Although negligence was established, causation was not. Whether a claim is successful will always turn on the specific facts of the case and the evidence, in this case medical evidence. But the legal implications for child care centres arising from the trial in Hughes are as follows:
- Since 1991, and certainly today, child care centres knew and ought to know of the risks of CMV to child care workers, and in particular to female workers of child bearing age.
- This gives rise to a duty at law to warn child care workers of the risks of CMV in the event of pregnancy.
- This duty of care also extends to the unborn child.
Hughes v Sydney Day Nursery – appeal decisions
Jacob and Linda Hughes successfully appealed the trial judge’s decision to the NSW Court of Appeal, which set aside the original decision and handed down judgment in favour of Linda Hughes in the amount of $150,000 and in favour of Jacob Hughes in the amount of $4,500,000. The appeal only concerned the issue of whether Jacob’s injuries were more likely caused by primary infection or secondary reinfection.
The Court of Appeal found that the trial judge made errors in his assessment of medical evidence, and that on balance of probabilities (the legal test), Jacob’s injuries were caused by congenital primary CMV infection.
Sydney Day Nursery sought leave to appeal to the High Court of Australia. That leave was refused. The Court of Appeal’s decision was final.
Implications for child care centres
Since the case of Hughes in 1991, there has been extensive medical and legal documentation of the risks of CMV to pregnant women.
Meridian Lawyers has recently fielded enquiries from operators of child care centres seeking advice about their responsibilities to employees upon learning that a worker may be pregnant. It is common knowledge that under the National Law and at common law generally, child care centres must implement and enforce good hygiene practices and procedures, which in turn will minimise the risk of spread of infection.
However good these hygiene and infectious diseases policies are, the risk of exposure to a virus like CMV is still going to be higher in a child care setting by virtue of the characteristics of that virus and a child care worker’s duties, than that risk may otherwise be. These factors, together with the known risks of CMV to pregnant workers, give rise to the duty to warn staff members of the risk posed by CMV.
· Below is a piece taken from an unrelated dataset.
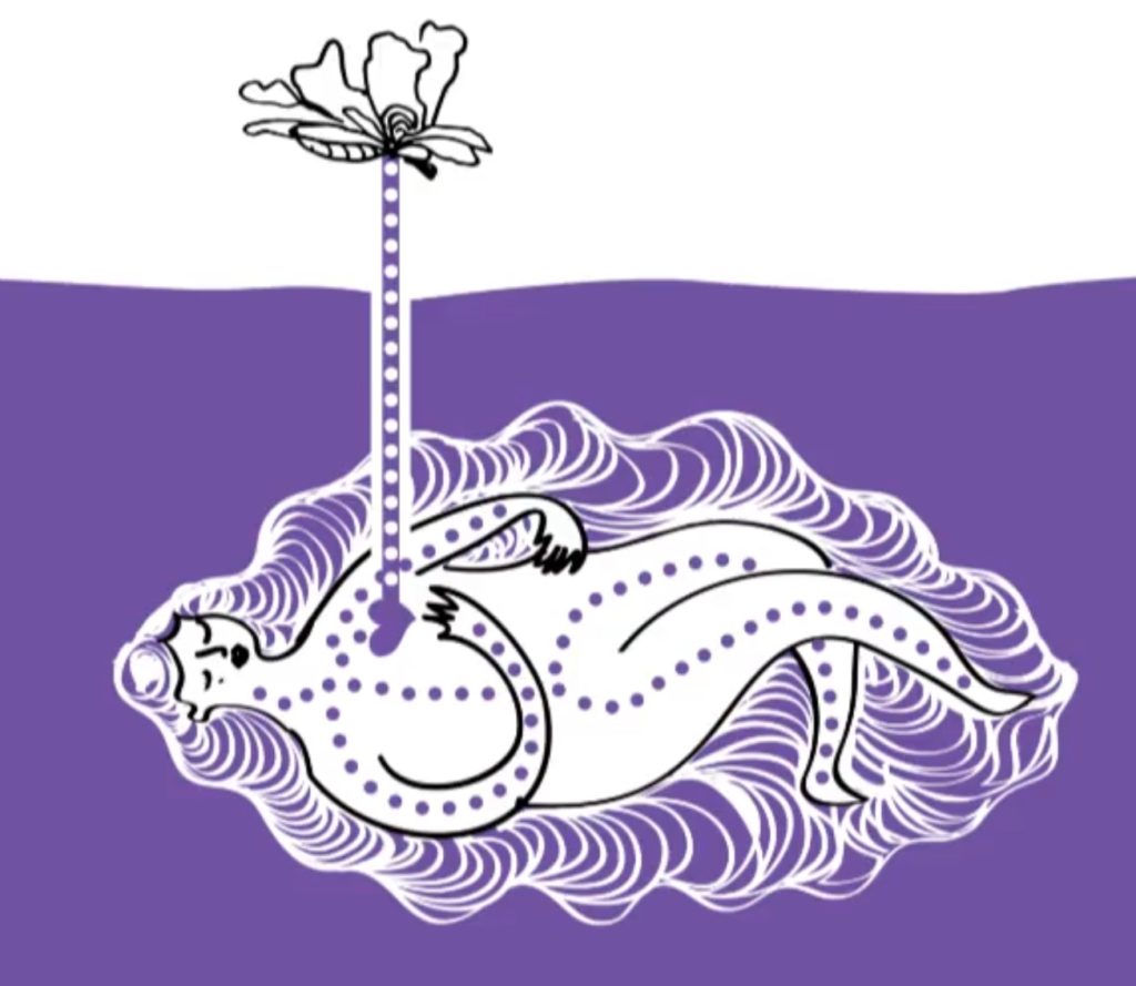 Père, mère, fils et fille sont sortis pour s’asseoir dans le sable. Ils creusèrent des tunnels qui atteindraient des mondes imaginaires et firent des châteaux de sable pour des princesses inexistantes. Papa enterrait maman et les enfants cherchaient de l’eau pour que le sable se solidifie et que maman ne puisse pas s’échapper si facilement. Le jeu a été répété à plusieurs reprises : déterrer, arrêter de jouer, courir à nouveau pour se baigner afin d’enlever tout résidu de sable du corps, puis le recouvrir à nouveau avec lui.

As a starting point, unless already doing so, operators of child care centres should consider taking steps to implement the following policies:
- Ensure that Staying Healthy in Childcare (or its equivalent publication) is always visible and accessible to staff at the centre.
- That the induction process for new female employees, whether pregnant or not, include drawing the employees attention to Staying Healthy in Childcare (or its equivalent publication) and in particular the pages regarding CMV and infectious diseases.
- That written confirmation be obtained from the new employee that they have read and understood Staying Healthy in Childcare and in particular the sections regarding infectious diseases.
- That upon learning that a child care worker is pregnant, the worker again be referred to Staying Healthy in Childcare (or its equivalent publication), and given time to read all sections regarding infectious diseases including CMV, and that this be documented.
- That upon learning that a female child care worker is pregnant, she be advised by the centre director to see her GP to consider the risks of continuing to work in child care and to take advice from her GP about undergoing blood tests to check for susceptibility to things like primary CMV infection.
- That pregnant workers be given the option or be restricted to work with toilet trained children, and that pregnant workers not be permitted to perform nappy changing or to assist with toileting.